Records shown Start Marker
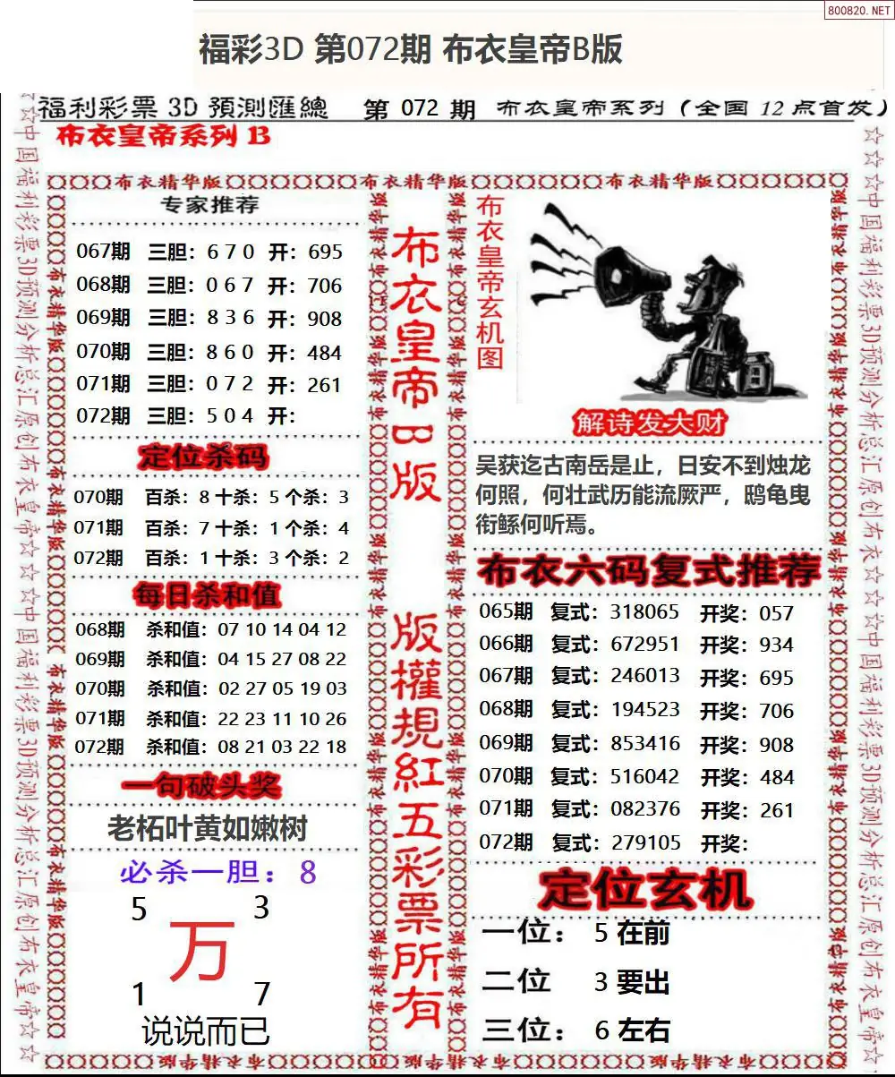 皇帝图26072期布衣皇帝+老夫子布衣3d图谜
Records shown End Marker
Records shown Start Marker
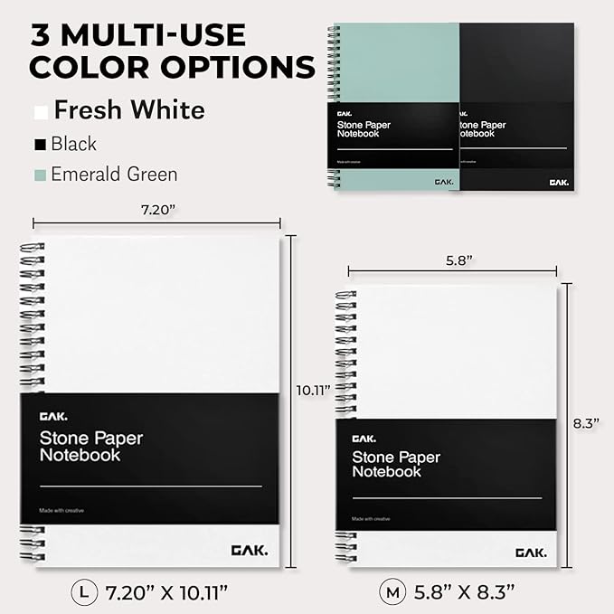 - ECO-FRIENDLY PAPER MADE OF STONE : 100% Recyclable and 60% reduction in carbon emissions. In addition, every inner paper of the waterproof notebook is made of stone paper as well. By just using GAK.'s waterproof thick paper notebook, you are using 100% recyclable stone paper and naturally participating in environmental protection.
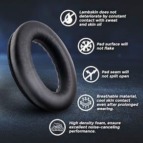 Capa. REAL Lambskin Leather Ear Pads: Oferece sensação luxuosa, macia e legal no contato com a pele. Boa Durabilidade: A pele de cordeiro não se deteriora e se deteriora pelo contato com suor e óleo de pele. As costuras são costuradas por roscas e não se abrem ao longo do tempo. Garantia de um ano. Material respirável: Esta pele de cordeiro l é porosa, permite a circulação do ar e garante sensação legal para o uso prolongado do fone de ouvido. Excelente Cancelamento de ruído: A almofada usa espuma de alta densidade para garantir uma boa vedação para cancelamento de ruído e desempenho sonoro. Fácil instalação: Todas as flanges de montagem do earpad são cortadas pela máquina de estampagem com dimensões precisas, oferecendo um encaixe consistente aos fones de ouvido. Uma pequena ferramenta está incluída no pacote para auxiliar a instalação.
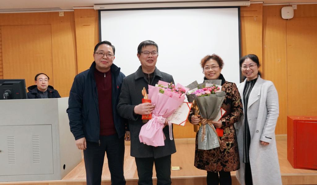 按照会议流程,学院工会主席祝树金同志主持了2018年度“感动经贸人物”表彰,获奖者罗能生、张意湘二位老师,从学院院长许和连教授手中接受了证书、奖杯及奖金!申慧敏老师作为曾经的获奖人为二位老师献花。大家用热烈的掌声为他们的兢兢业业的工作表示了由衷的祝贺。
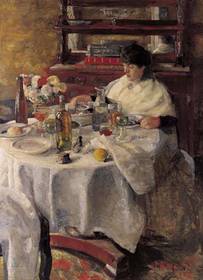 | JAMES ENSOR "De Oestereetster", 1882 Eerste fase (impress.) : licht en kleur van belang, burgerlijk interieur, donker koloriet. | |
Records shown End Marker
- Problem details: The lines to set down run from the line with "按照会议流程,学院工会主席祝" up to and including the line with "koloriet. | |" in the entries above. Reproduce them exactly, with no pictures.

- Response area:
 按照会议流程,学院工会主席祝树金同志主持了2018年度“感动经贸人物”表彰,获奖者罗能生、张意湘二位老师,从学院院长许和连教授手中接受了证书、奖杯及奖金!申慧敏老师作为曾经的获奖人为二位老师献花。大家用热烈的掌声为他们的兢兢业业的工作表示了由衷的祝贺。
 | JAMES ENSOR "De Oestereetster", 1882 Eerste fase (impress.) : licht en kleur van belang, burgerlijk interieur, donker koloriet. | |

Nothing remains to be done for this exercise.